DATA SUPPLIED Block Start

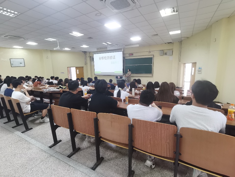 5月22日下午在主樓階教W1,江蘇飛凡檢測(cè)認(rèn)證有限公司高級(jí)工程師秦水平受邀為應(yīng)用化學(xué)專業(yè)2022級(jí)本科生授課,這是我校深化產(chǎn)教融合課程改革的重要實(shí)踐。
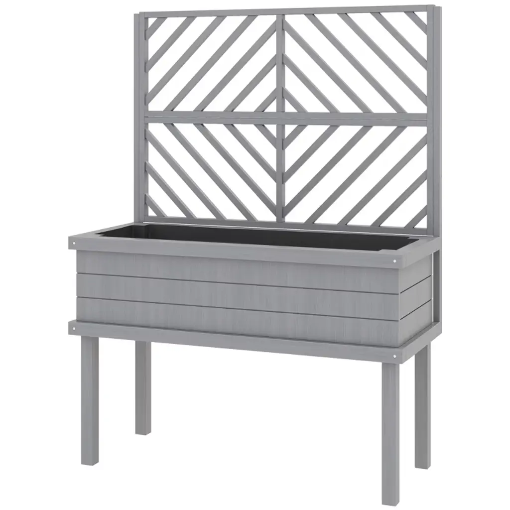 Outsunny Raised Garden Bed With Trellis For Climbing Plants, Wood Planter With Legs, Drainage Holes & Filter, Gray
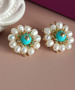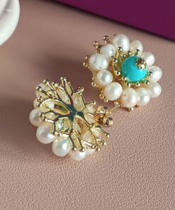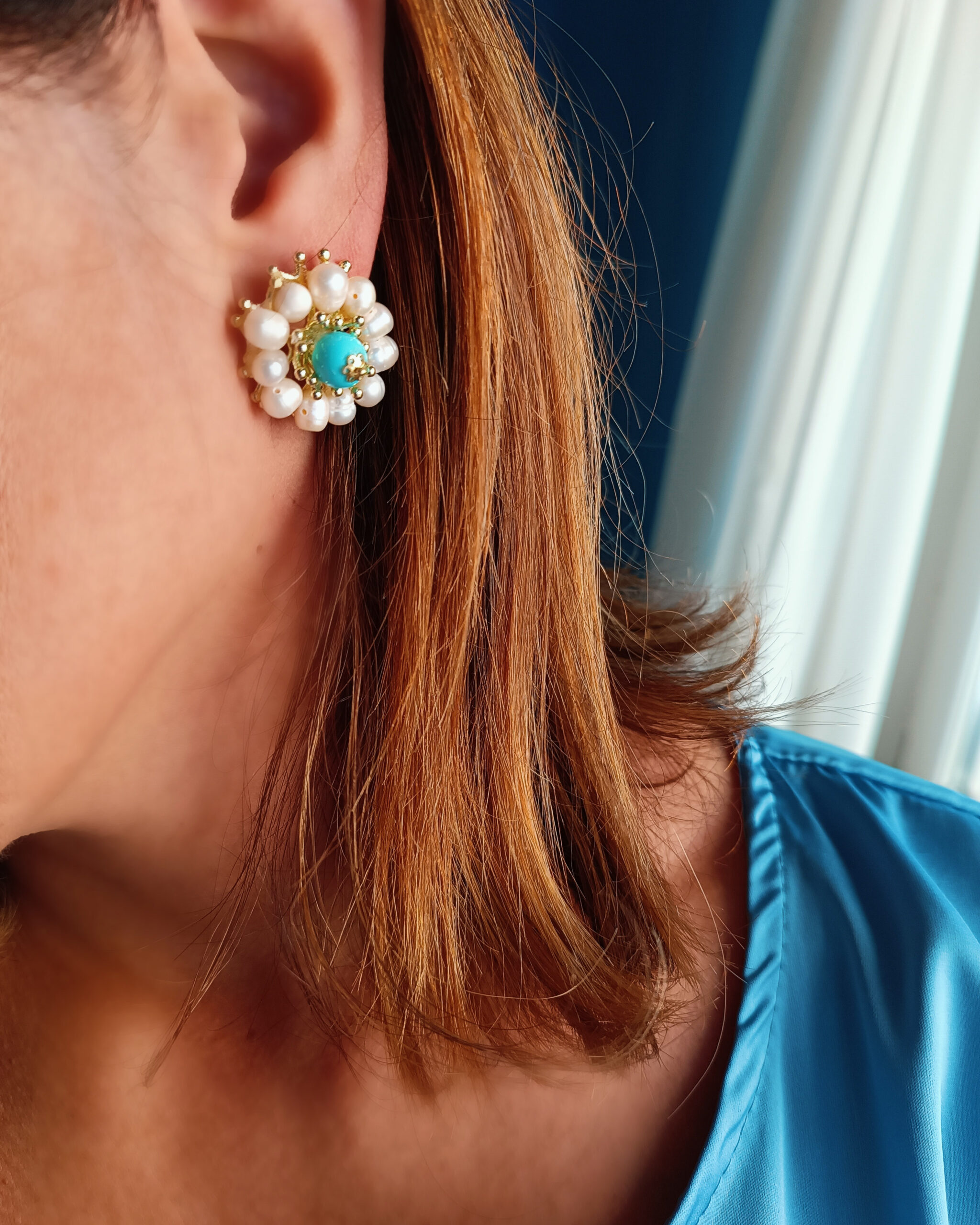 Orecchini Fiore al Lobo con Perle di Fiume e Turchese
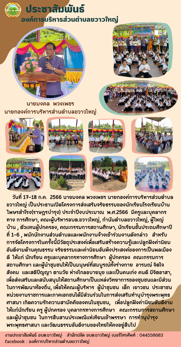 รายละเอียด : วันที่ 17-18 ก.ค. 2566 นายมงคล พวงเพชร นายกองค์การบริหารส่วนตำบลขวาวใหญ่ เป็นประธานเปิดโครงการส่งเสริมจริยธรรมของนักเรียนโรงเรียนบ้านไพษรสำโรง(ราษฎรบำรุง) ประจำปีงบประมาณ พ.ศ.2566 มีครูและบุคลากร ทาง การศึกษา, คณะผู้บริหารอบต.ขวาวใหญ่, กำนันตำบลขวาวใหญ่, ผู้ใหญ่บ้าน , ตัวแทนผู้ปกครอง, คณะกรรมการสถานศึกษา, นักเรียนชั้นประถมศึกษาปีที่ 1-6 , พนักนักงานส่วนตำบลและพนักงานจ้างเข้าร่วมงานดังกล่าว สำหรับการจัดโครงการในครั้งนี้มีวัตถุประสงค์เพื่อเสริมสร้างความรู้และปลูกฝังค่านิยมอันดีงามด้านคุณธรรม จริยธรรมและค่านิยมอันพึงประสงค์ของการเป็นพลเมืองดี ให้แก่ นักเรียน ครูและบุคลากรทางการศึกษา ผู้ปกครอง คณะกรรมการสถานศึกษา และผู้นำชุมชนให้เป็นมนุษย์ที่สมบูรณ์ทั้งร่างกาย อารมณ์ จิตใจ สังคม และสติปัญญา ตามวัย ห่างไกลอบายมุข และเป็นคนเก่ง คนดี มีจิตอาสา, เพื่อส่งเสริมและสนับสนุนให้สถานศึกษาเป็นแหล่งวิทยาการของชุมชนและมีส่วนในการพัฒนาท้องถิ่น, เพื่อให้คณะผู้บริหาร ผู้นำชุมชน เด็ก เยาวชน ประชาชน หน่วยงานราชการและภาคเอกชนได้มีส่วนร่วมในการส่งเสริมทำนุบำรุงพระพุทธศาสนา เกิดความรักความสามัคคีของคนในชุมชน, เพื่อปลูกฝังค่านิยมอันดีงาม ให้แก่นักเรียน ครู ผู้ปกครอง บุคลากรทางการศึกษา คณะกรรมการสถานศึกษาและผู้นำชุมชน ในการสืบสานประเพณีแห่เทียนเข้าพรรษา การทำนุบำรุงพระพุทธศาสนา และวัฒนธรรมอันดีงามของไทยให้คงอยู่สืบไป
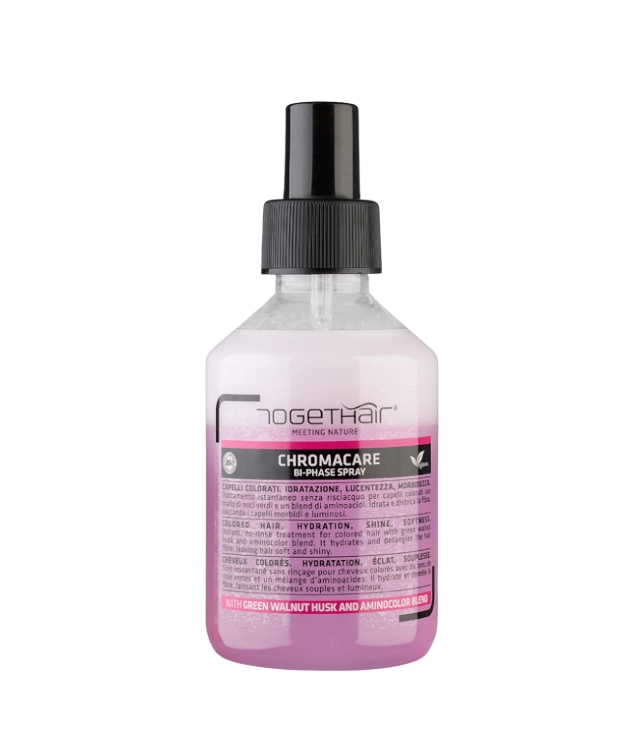 Togethair Chromacare Biphase to 2-fazowa ekspresowa odżywka bezspłukiwania, która zapewnia włosom natychmiastowe nawilżenie, wygładzenie i ochronę koloru – w dowolnym momencie dnia. Jej innowacyjna formuła 2 w 1 łączy lekką fazę wodną, która nawilża i odświeża włosy, z fazą olejową, która odżywia, wygładza i nadaje połysk bez obciążania.
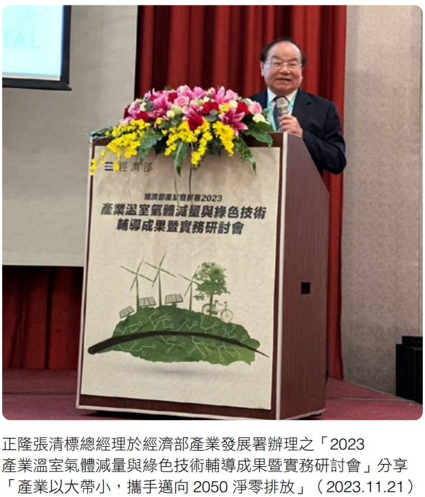 面對全球淨零與碳中和供應鏈趨勢,永續實踐不能單打獨鬥。對內,本公司積極穩健加速以正隆為首的產業鏈低碳轉型:對外,長期分享低碳轉型實務經驗, 致力協助中小型企業因應排山倒海而來的永續法遵和趨勢。響應政府以大帶小政策,2023年更攜手20家產業鏈夥伴率先成立台灣造紙業第一個「產業碳中和聯盟」,建置本土產業碳數據資料庫,完成首例工業用紙碳足跡盤查。發揮企業影響力,帶動產業鏈減碳投資逾2.5億元,貢獻年減排量達11,959公噸,節能 費用每年超過5,500萬元,提升整體造紙業的國際競爭力。
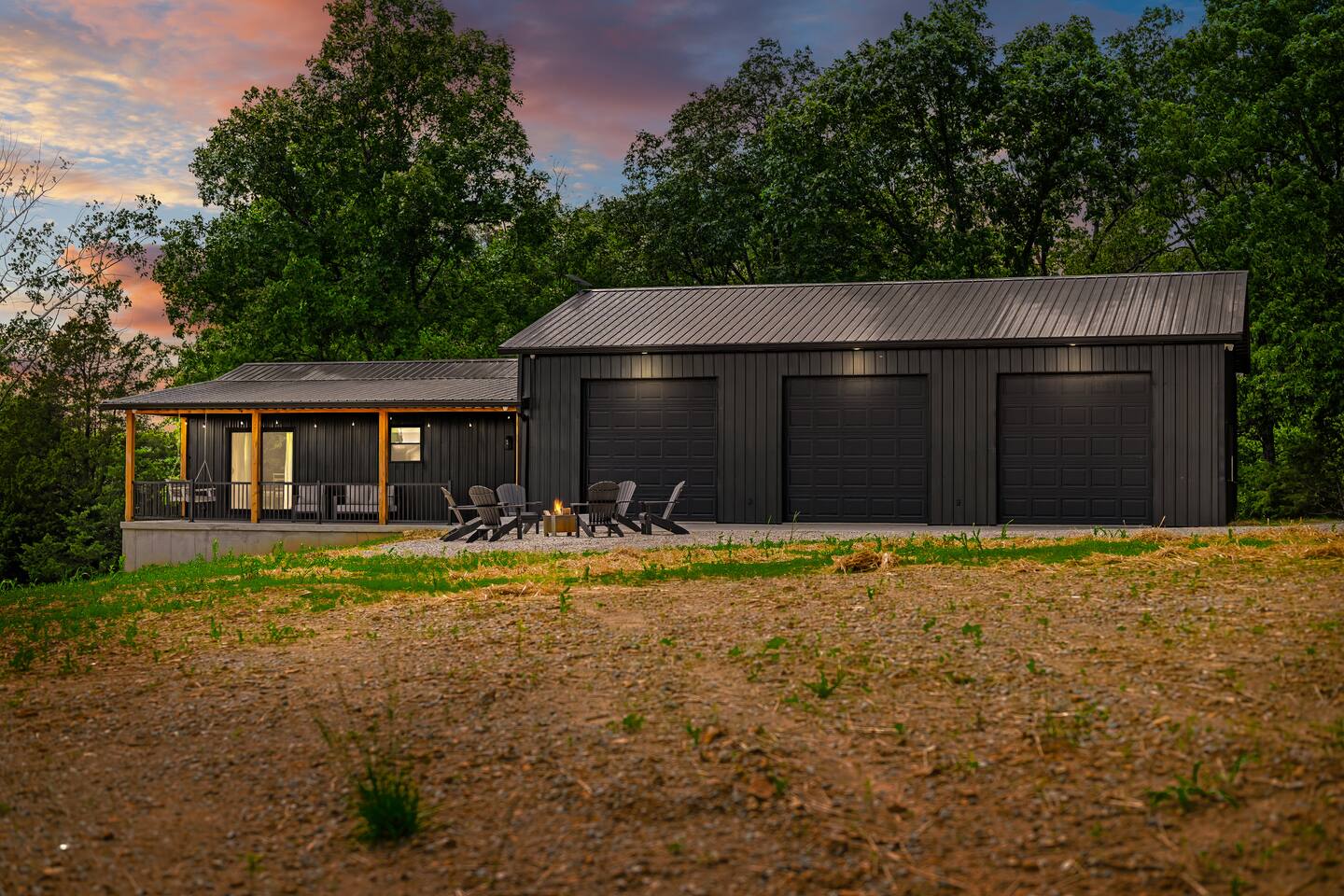 HIGHLIGHTS: Cozy Indoor Fireplace Fire pit and outdoor seating/porch swing Fully stocked kitchen High-speed Wi-Fi and smart TVs Infinity game table Washer and Dryer 3 Full bathrooms Escape to serenity at this barndominium nestled in rolling hills, woods, and open fields in the heart of southern Indiana. This modern retreat offers the perfect getaway for families, couples, or small groups seeking privacy and adventure.
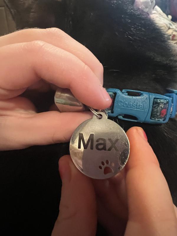 GoTags Round with Paw Cutout Stainless Steel Personalized Dog & Cat ID Tag, Purple, Small
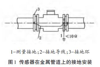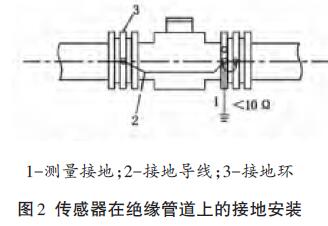 傳感器安裝在塑料管道或內(nèi)壁有絕緣涂層、襯里的管道上,兩端應(yīng)安裝接地環(huán)(或帶有接地電極的金屬短管),然后用導(dǎo)線(xiàn)連接,使管內(nèi)流動(dòng)的介質(zhì)與大地短路,具有零電位(見(jiàn)圖2)。
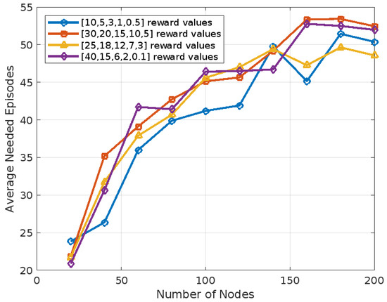 Comparison of needed episodes in different reward value sets.
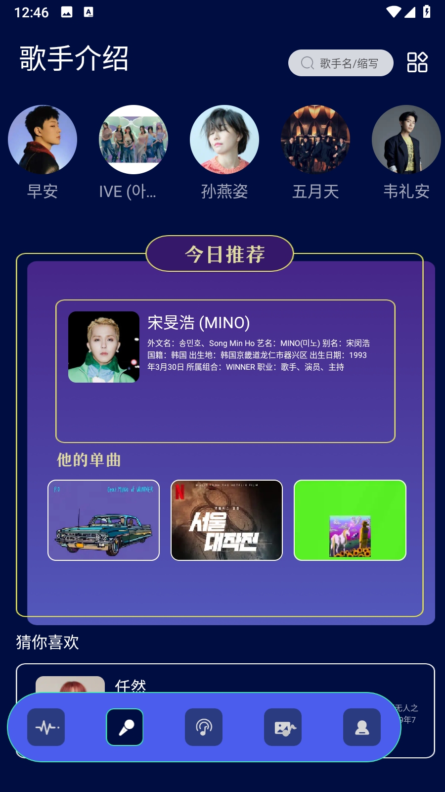 2、还可以看到国内外优质歌手的简介,以后可以搜索自己喜欢的歌手。
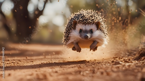 Hedgehog with a white spot on its face running down a dirt road

DATA SUPPLIED Block End

* **PROBLEM**:
What you give back should be exactly the lines from the top of the data above down to and including the line with "Orecchini Fiore al", minus any pictures.

* **SOLUTION TO THE PROBLEM**:
 5月22日下午在主樓階教W1,江蘇飛凡檢測(cè)認(rèn)證有限公司高級(jí)工程師秦水平受邀為應(yīng)用化學(xué)專業(yè)2022級(jí)本科生授課,這是我校深化產(chǎn)教融合課程改革的重要實(shí)踐。
 Outsunny Raised Garden Bed With Trellis For Climbing Plants, Wood Planter With Legs, Drainage Holes & Filter, Gray
 Orecchini Fiore al Lobo con Perle di Fiume e Turchese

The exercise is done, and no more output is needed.